La deviazione che non doveva prendere
Quando Matteo Bellini lasciò Bologna, il navigatore gli indicava cinquantadue minuti fino all’aeroporto, un margine che lui considerava sufficiente ma non generoso, soprattutto perché alle tredici avrebbe dovuto prendere un volo per Amsterdam e quella sera stessa era prevista una cena con i rappresentanti di un gruppo olandese interessato alla sua azienda. Aveva quarantasei anni, dirigeva quasi ottanta dipendenti e negli ultimi tempi aveva cominciato a misurare perfino le visite a sua madre in base allo spazio libero che restava tra due appuntamenti.
Poco dopo Imola, un incidente sulla strada principale costrinse il navigatore a proporgli una deviazione attraverso le colline, lungo una provinciale stretta che Matteo non aveva mai percorso. All’inizio si irritò, poi accelerò appena il traffico scomparve, attraversando una successione di vigneti, case di pietra e piccoli poderi che gli sembravano appartenere a un mondo nel quale nessuno aveva fretta.
Fu vicino a una cappella abbandonata che vide un uomo anziano inginocchiato accanto al fossato, mentre una donna della stessa età camminava avanti e indietro lungo una recinzione chiamando qualcosa. Matteo li superò, percorse quasi duecento metri, poi frenò e rimase qualche secondo con entrambe le mani sul volante, arrabbiato soprattutto con se stesso perché sapeva già che avrebbe fatto retromarcia.
— È successo qualcosa? Avete bisogno di un’ambulanza?
L’uomo si alzò con fatica e scosse la testa, mentre la donna si avvicinò stringendo contro il petto un vecchio guinzaglio rosso. Si chiamava Teresa, aveva settantotto anni e spiegò che Nerina, la loro cagnolina meticcia di piccola taglia, era scappata durante il temporale della notte precedente, quando un ramo aveva fatto cadere una parte della rete.
— Mio marito non dovrebbe nemmeno stare qui a cercarla, perché ha il cuore malato, ma provi a dirgli di tornare a casa, disse Teresa. Nerina vive con noi da tredici anni e da quando nostro figlio si è trasferito a Torino, quella bestiola dorme davanti alla porta della sua vecchia camera.
Matteo guardò l’orologio e calcolò che poteva concedere loro al massimo un quarto d’ora, anche se una voce dentro di lui continuava a ripetere che non erano affari suoi. Lasciò la valigia nel bagagliaio, si tolse la giacca e seguì i due anziani lungo un sentiero fangoso, chiamando una cagnolina che non aveva mai visto mentre le sue scarpe eleganti affondavano nella terra bagnata.
Dopo dieci minuti non avevano trovato nulla, e Matteo cominciò a pentirsi seriamente di essersi fermato, soprattutto quando ricevette un messaggio dalla sua assistente che gli ricordava l’orario limite per il check-in.

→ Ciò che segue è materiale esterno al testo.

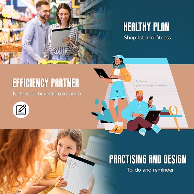 - 【Double-Sided Printing】The 8.5" x 11" writing pad is designed with double-sided printing, providing you with twice the writing space without wasting any paper. Each pad contains 30 sheets with 60 pages, Valuable note pad paper gives you plenty of space to record your ideas/ to-do. Make the most of these legal pads to note brainstorming idea/ homework practicing/ shopping list, etc.

Teresa però continuava a chiamare Nerina con una voce sempre più sottile, finché si fermò davanti a un filare e si asciugò gli occhi con il dorso della mano.
— Mi scusi se le facciamo perdere tempo, signor Matteo. Quando si diventa vecchi, a volte agli altri sembra assurdo che una cosa così piccola possa essere tutto quello che ti rimane da aspettare la sera.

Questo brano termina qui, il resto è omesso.